**Dataset records**
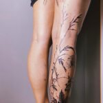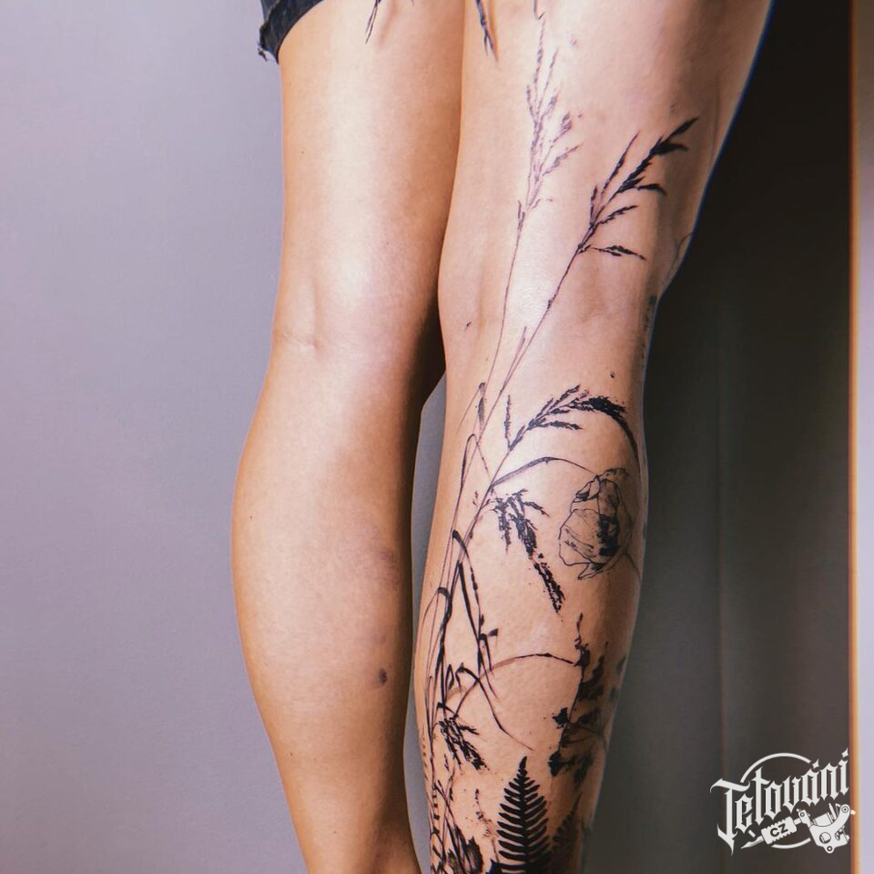 Tetování květiny, luční kvítí na lýtku
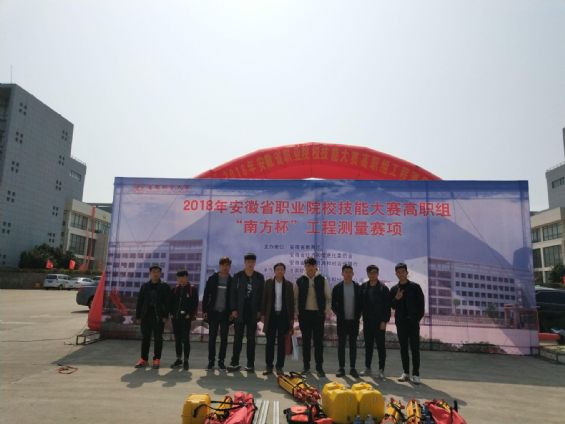 在由省教育厅等部门联合举办,淮南联合大学承办的2018年安徽省职业院校工程测量技能大赛中,由我院建筑工程系常开纯、陈志鹏、徐磊、王家卫四位学生组成的团队,在强手如林的竞赛场上,不畏强手,沉着比赛,奋力拼搏,在与安徽省其他高职院校的53支参赛队伍的激烈角逐中脱颖而出取得好成绩,问鼎奖牌。
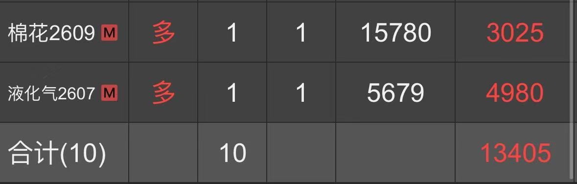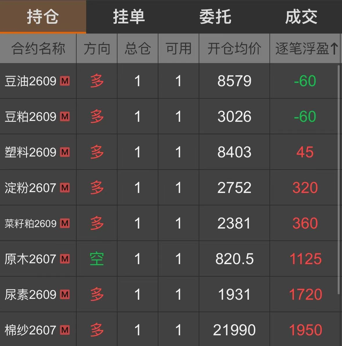 | 一、开仓总结 棉纱:2026年4月8日,达到启动点的开仓条件,所以在14:48开多一手棉纱2605合约,开仓价为21575。棉纱2605合约于2026年4月10日09:51移仓至主力合约2607,开仓价为21990。 淀粉:2026年4月9日,达到启动点的开仓条件,所以在14:44开多一手淀粉2605合约,开仓价为2760。淀粉2605合约于2026年4月15日21:14移仓至主力合约2607,开仓价为2752。 棉花:2026年4月10日,达到启动点的开仓条件,所以在14:45开多一手棉花2609合约,开仓价为15780。 尿素:2026年4月20日,达到启动点的开仓条件,所以在14:49开多一手尿素2609合约,开仓价为1931。 豆粕:2026年4月22日,达到启动点的开仓条件,所以在14:41开多一手豆粕2609合约,开仓价为3026。 原木:2026年4月23日,达到启动点的开仓条件,所以在14:54开空一手原木2607合约,开仓价为820.5。 菜粕:2026年4月23日,达到启动点的开仓条件,所以在14:59开多一手菜粕2609合约,开仓价为2381。 液化气:2026年4月27日,达到启动点的开仓条件,所以在14:33开多一手液化气2607合约,开仓价为5679。 塑料:2026年4月29日,达到启动点的开仓条件,所以在14:33开多一手塑料2609合约,开仓价为8403。
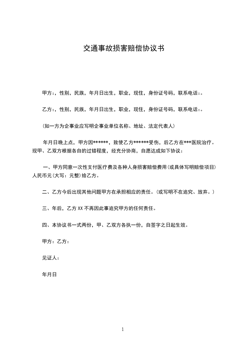 一、甲方同意一次性支付医疗费及各种人身损害赔偿费用(或具体写明赔偿项目)人民币_____元(大写:元整)给乙方。
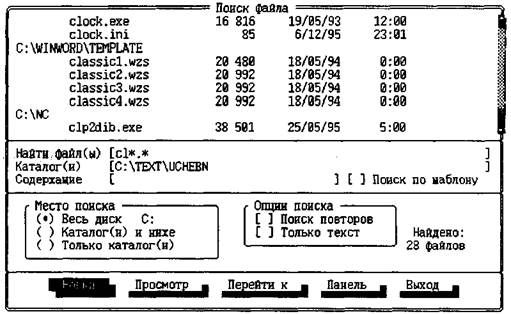 Поиск файлов. Пункт меню Поиск Файлов или комбинация клавиш < Alt> и < F7> обеспечивают вызов диалогового окна (рис. 10.19), в соответствующие поля которого пользователь должен ввести запрос, указав имя или шаблон имени искомого файла, а при желании фрагмент текста, содержащегося в файле. После ввода шаблона имени нужно нажать клавишу < Enter>. Курсор укажет на вторую строку ввода, в которую можно занести текст, а затем нажать кнопку < Старт> диалогового окна.

**What is required**
Word for word and without pictures, restate only the lines running from the one that contains "一、甲方同意一次性支付医疗费" through the last line of the listing above.

**Worked solution**
 一、甲方同意一次性支付医疗费及各种人身损害赔偿费用(或具体写明赔偿项目)人民币_____元(大写:元整)给乙方。
 Поиск файлов. Пункт меню Поиск Файлов или комбинация клавиш < Alt> и < F7> обеспечивают вызов диалогового окна (рис. 10.19), в соответствующие поля которого пользователь должен ввести запрос, указав имя или шаблон имени искомого файла, а при желании фрагмент текста, содержащегося в файле. После ввода шаблона имени нужно нажать клавишу < Enter>. Курсор укажет на вторую строку ввода, в которую можно занести текст, а затем нажать кнопку < Старт> диалогового окна.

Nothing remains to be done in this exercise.